Many of us take for granted that our retirement is our own personal responsibility. Young professionals understand that they’re playing a game, competing against one another not just in a race for jobs but also for retirement strategies. The only trouble is that 401(k)s might be creating many more losers than winners.

THE IGNOBLE RISE OF THE 401(K)

As the United States’s manufacturing base declines, fewer young workers expect old-fashioned, long-term guarantees such as pensions, anyway. The rise of the 401(k) and concurrent decline in pensions emerged at a propitious moment in American history, when a strain of “free market” fundamentalism had seeped from the Goldwater and Friedman fringes of the Republican Party into the techno-libertarian mainstream. As the finance journalist Helaine Olen observes in her book Pound Foolish, the long boom of the 1990s, and its accompanying corporate focus on lean management and cost cutting, only amplified that trend.

This confluence of circumstances created a feedback loop in which each element exaggerates and entrenches the others. Between 1979 and 2012, pension enrollment rates dropped from 28% to 3% of employees.

All this would be fine if individual retirement accounts performed as well as or better than the old pension plans. But as reported by sources from Forbes to USA Today, 401(k) participants actually end up saving less money, not more—and certainly not enough to retire on securely. Managing and monitoring retirement saving accounts require a degree of financial acumen that is simply beyond that of the average person. (It’s actually beyond the capability of most advisers.) Commissions and financial fees—often obfuscated—account for the rest of the decline in returns.

In fact, as Olen reports, until the hard-won (but easily and regularly rescinded) banking reforms of 2012, retirement fund managers weren’t even required to report the fees they charged. That’s right: From the emergence of these plans in 1981 until the summer of 2012, there literally was no legal requirement to inform consumers how much they were paying for the privilege of having a retirement account. They could look up the fees internal to the mutual funds, but the financial firms administering the accounts were not required to disclose them.

And consumers were accordingly clueless. A 2011 AARP survey noted that 71% of 401(k) holders erroneously believed that they were not being charged any fees, while another 6% admitted they did not know whether they were being charged or not. As a result, according to Forbes, in 2011, pension-style plans performed at a 2.74% rate of return, while 401(k)s actually lost an average 0.22%.

MORE LIABILITY, FEWER SAVINGS

So personal retirement plans are sold as a means of empowering the individual investor to get in on the game, but in practice they more frequently exploit a person’s ignorance and lack of negotiating power. For a middle-class worker’s 401(k) to perform well enough to retire on, Olen observes, she must not only invest like a pro but also never get seriously ill, never get divorced, and never get laid off. In other words, it rarely, if ever, works in real life.

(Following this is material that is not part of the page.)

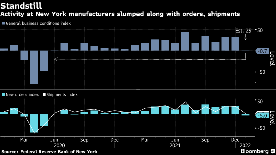 周一公布的数据显示,纽约联储银行制造业指数从一个月前的31.9锐降至-0.7。低于零表明经济活动萎缩,且该数据逊于接受彭博的所有经济学家预期。

By tasking individuals with their own retirement savings, companies transferred risk to employees, shifted profits to shareholders, and created a tremendous new market for financial services—which in turn siphoned off more value from people to the banking sector.

Nevertheless, a majority of us still hold out hope that those upward graphs and pie charts about compound earnings are really true—even though our investments are not going up as advertised. Most of us believe the story told to us by our employer-assigned financial advisers and the business press: That over time, those of us keeping our money in the stock market will average 7% or 8% a year.

As Michael Shuman notes in his book Local Dollars, Local Sense, the MIT economist Zvi Bodie has looked at the composite of the S&P since 1915 and shown the true rate of return for any 44-year period of investment over the past century. The real average is about 3.8%. The best moment for a person to have retired would have been 1965, for an average gain of about 6%. Retire today, and you’re looking at having made under 3%—before fees, of course. So much for taking charge of our own finances.

Fully aware of these liabilities, the financial services industry became less concerned about helping people invest for their own futures than about finding ways to make money off that very need: To game the system itself, all the while finding new ways to make investors feel they were getting in on it.

This makes the typical pyramid scheme of the original stock market look honest by comparison. On the stock exchange, at least, those who get in early can win—albeit at the expense of those who come in later. That’s just the way investing works. You speculate on the future value of things—buy low, sell high. The patsy is the guy doing the opposite.

In the 401(k) game, the patsy is anyone who follows the advice of the human resources department and surrenders a portion of his or her paycheck to the retirement planning industry, all under the pretense of personal responsibility.